Australia’s ‘Rebel Reverend’ Goes Viral With Barbed Liberal Messages
He still uses the sign to communicate his beliefs, perhaps with a little less spit and vinegar. Last Sunday, a side of the board read “Keep Goseford nuclear free”, not likely to create much controversy here. However, the other side showed that he still did not desist from throwing a partisan punch: “put the far-right on the list of terror.”
“You get stuck in the vortex,” he said of his time in the spotlight. “People appreciate what you’re saying and you’ve become one of those voices.”
“The middle ground is tough,” he said, leaning back on his chair and revealing the red socks under his black and white garment. “We only listen to the extreme.”
With his short, pointed hair and a tightly trimmed beard, 58-year-old Father Bower has said something about him – another ferocious, if often wildly beloved Australian. He is not afraid to swear, joke about an old hangover or give a sermon barefoot. He is the priest of the house in the Chakravyuh of existence.
He grew up in an agricultural area north of Sydney, adopted and raised by cattle ranchers. His adopted father died when his father, Bower, was 13, and spent most of his teenage years on the ground and working as a butcher. This is a history he has never completely left behind; “The Ethical Omnivore” sits on his office bookshelf with religious texts.

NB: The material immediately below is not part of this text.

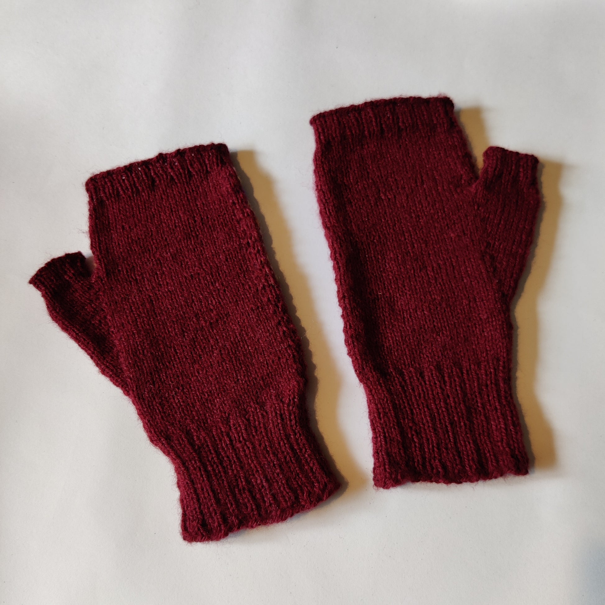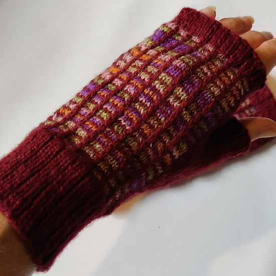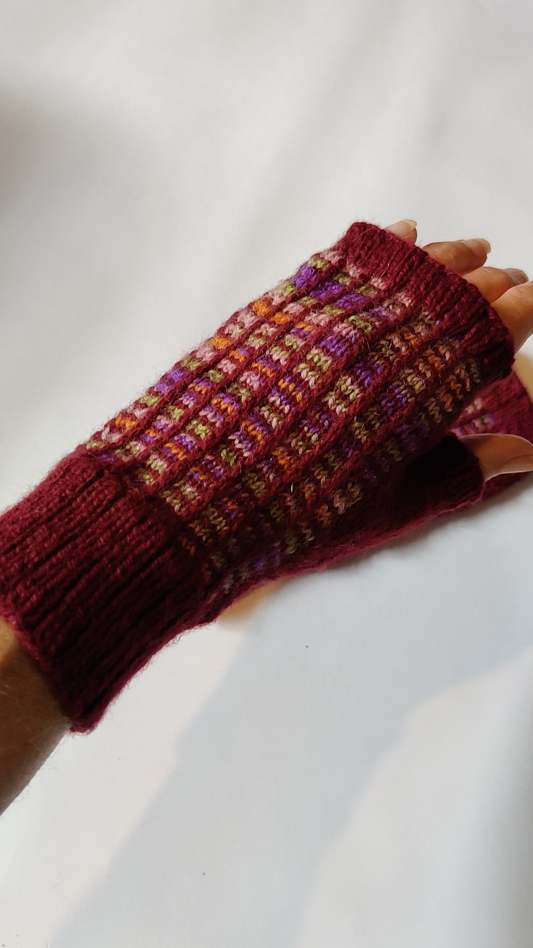 These beautiful and unique fingerless gloves are hand knitted in recycled/upcycled vintage yarns.

The chaos that was adopted, a fact that he said he had always known but only fully initiated the process in his 20s, inspired him to seek God and the priest.
“It was part of my quest for identity,” he said. “It came with a title and a uniform.”
Many of his parishioners found Father Bower and the church, where he has served as rector for more than two decades, looking at the messages on the outside sign – not by passing on the street, but by spotting them on Facebook.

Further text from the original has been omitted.